We release patches for security vulnerabilities for the following versions:

Please do not report security vulnerabilities through public GitHub issues.

Instead, please report them via one of the following methods:

Send details to: security@coorchat.dev (if available)

Use GitHub's private vulnerability reporting: https://github.com/stuartf303/coorchat/security/advisories/new

Please include as much of the following information as possible:

• Type of vulnerability
• Full paths of source file(s) related to the vulnerability
• Location of the affected source code (tag/branch/commit or direct URL)
• Step-by-step instructions to reproduce the issue
• Proof-of-concept or exploit code (if possible)
• Impact of the vulnerability, including how an attacker might exploit it

• Acknowledgment: Within 48 hours
• Initial Assessment: Within 1 week
• Fix Timeline: Depends on severity
  • Critical: 1-7 days
  • High: 1-2 weeks
  • Medium: 2-4 weeks
  • Low: Next planned release

• Security issues will be disclosed after a fix is available
• We'll work with you to understand the timeline that works for your disclosure
• We'll credit you in the security advisory (unless you prefer to remain anonymous)
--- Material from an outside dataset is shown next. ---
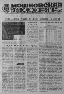ОРГАН МОШКОВСКОГО РАЙОННОГО КОМИТЕТА КПСС и районного совета народных депутатов новосибирской области Газета основана 23 августа 1931 года 1 № 105 (4915) J ЧЕТВЕРГ, 30 августа 1984 года. Газета выходит по вторникам, Ц Е Н А средам, четвергам, пятницам, субботам. 1 КОП . ВРЕМЯ УДАРНОЙ РАБОТЫ: ЕЕ МЕСТО ДЕЙСТВИЯ— ЖАТВА 84 з а о т л и ч н о е к а ч е с т в о | р а б о т ы и вы с о к о п р ои з в о д и т е л ь н ы й т р у д НА У Б О Р К Е УРОЖАЯ ПОДНЯТ в ЧЕСТЬ: СЕМЕНОВА Владимира Ефимовича, механизатора совхоза «Смоленский», занятого на косовице силосных и добившегося выполнения сменной нормы выработки на 245 процентов. Безнарядным з в е н о м В колхозе «Союз строителей» 480 гектаров силосных из 800 закреплено за безнарядным звеном В. Зинкевича. В звене девять человек. Они торопятся убрать кукурузу до заморозков и до начала теребления льна, которым занято 160 гектаров. К 28 августа звено скосило силосные с 70 гектаров и заложило в траншеи 21330 центнеров зеленой массы. Соблюдение технологии выращивания позволило получить неплохой урожай. Пока каждый гектар дает около 300 центнеров зеленой' массы. Силосные комбайны водят А. и Ю. З и н к е в и ч и , КСК-100 — В. Вороно в . Г. Мамаев и В. Григорьев на тракторных тележках отвозят массу с поля к траншее. Земля Солнечный а ' в г у стовский день. На поляне готовые к нелегкой битее за урожай выстроились в ряд комбайны. А напротив, как бы в ожидании команды, автомобили. Торжественная праздничная обстановка. Об этом говорит и стол, накрытый красной скатертью, букет цветов на нем. Сюда собрались те, кто сегодня на полях совхоза «Мошков- гкий» ведет борьбу за хлеб, за то, чтобы убрать его вовремя и без потерь, — комбайнеры, шоферы, обслуживающий персонал. Здесь руководители и специалисты хозяйства, гости. Какие чувства испытывают в этот волнующий момент перед началом жатвы ее участники? Мы беседуем с молодым механизатором Н. А. Штоппелем: — Второй сезон буду работать на комбайне,— рассказывает он. — В прошлую уборку решил попробовать... Понравилось. Н а м о л отил 4000 центнеров зерна. Хорошо освоил свою «Ниву», узнал слабые места. Нынче ремонтировал ее сам, устранил те не- пбладки, которые мешали в 1983 году. Старался тщательно подготовить комбайн, ведь уборка будет нелегкой. В прошлом году в это время весь горох в совхозе был уже скошен, убирали ячмень. А нынче только еще начинаем. Хлеба подошли поздно и неравномерно, полегли. Но мы готовы к трудностям, на легкую жатву и не расчитывали. Техника глодаюсь, не подведет. Опыт у меня небогатый, но старшие товарищи всегда помогут. Настроение боевое, урожай неплохой. Главная задача — убрать весь хлеб. Время уходит. Поэтому надо с первого дня работать на совесть. Стоявшие рядом с нами механизаторы включились в разговор. Как сделать так, чтобы провести жатву успешно и не допустить потерь —. этот вопрос ио-настоящему волнует каждого из них. Выжидать невоз даст когда. Нужно убирать полным ходом, считают о;., я. Но хлеба р а з н ы е , И КалСдилЛ ПОЛЮ следует подходить по-особому — выбирать направление движения комбайна, регулировать высоту среза, вынос мотовила в зависимости от полег- лости хлебов. Сейчас выйдем на горох. Здесь стеблеподъемники не нужны. В этом убедились, когда опробовали технику, — рассуждают комбайнеры. — А вот на других зерновых без них не обойтись. Трудиться будем весь световой день, в поле выезжать, как и ра

1. Keep Updated: Always use the latest version
2. Secure Tokens: Never commit tokens to version control
3. Use Environment Variables: Store sensitive config in .env files (git-ignored)
4. Enable TLS: Use rediss:// for Redis, https:// for SignalR
5. Rotate Tokens: Regularly rotate authentication tokens
6. Validate Input: Don't trust user-provided data
7. Monitor Logs: Watch for suspicious activity

# Generate cryptographically secure tokens
npm run cli -- token generate

# Validate token format before use
npm run cli -- token validate YOUR_TOKEN

# Store tokens securely
export SHARED_TOKEN=cct_your_token_here  # Environment variable
# OR
echo "SHARED_TOKEN=cct_your_token_here" >> .env  # .env file (git-ignored)

Redis:

# Use rediss:// for TLS-encrypted connections
REDIS_URL=rediss://localhost:6379
REDIS_TLS=true

SignalR:

# Always use HTTPS
SIGNALR_HUB_URL=https://your-server.com/agentHub

All channels require token authentication:

• Minimum 16 characters
• Cryptographically random
• SHA-256 hashed for storage
• Timing-safe comparison

• ✅ Token-based authentication
• ✅ Timing-safe token comparison (prevents timing attacks)
• ✅ HMAC-SHA256 message signatures (Redis)
• ✅ TLS enforcement options
• ✅ Secure random token generation
• ✅ SHA-256 token hashing
• ✅ Input validation for all messages
• ✅ No plaintext token storage

• 🔲 Token expiration
• 🔲 Role-based access control (RBAC)
• 🔲 Rate limiting
• 🔲 Audit logging
• 🔲 IP whitelisting

Security advisories will be published at: https://github.com/stuartf303/coorchat/security/advisories

Subscribe to notifications to stay informed.

CoorChat is designed with security in mind but has not been audited for specific compliance standards (GDPR, SOC2, etc.). If you have compliance requirements, please review the code and security features before deploying in production.

We currently do not have a bug bounty program, but we deeply appreciate security researchers who responsibly disclose vulnerabilities.

Security fixes are released as patch versions (e.g., 1.0.1) and documented in:

• GitHub Security Advisories
• Release notes
• CHANGELOG.md

For general security questions (not vulnerabilities), please:

• Open a Discussion
• Tag with security label

Thank you for helping keep CoorChat secure!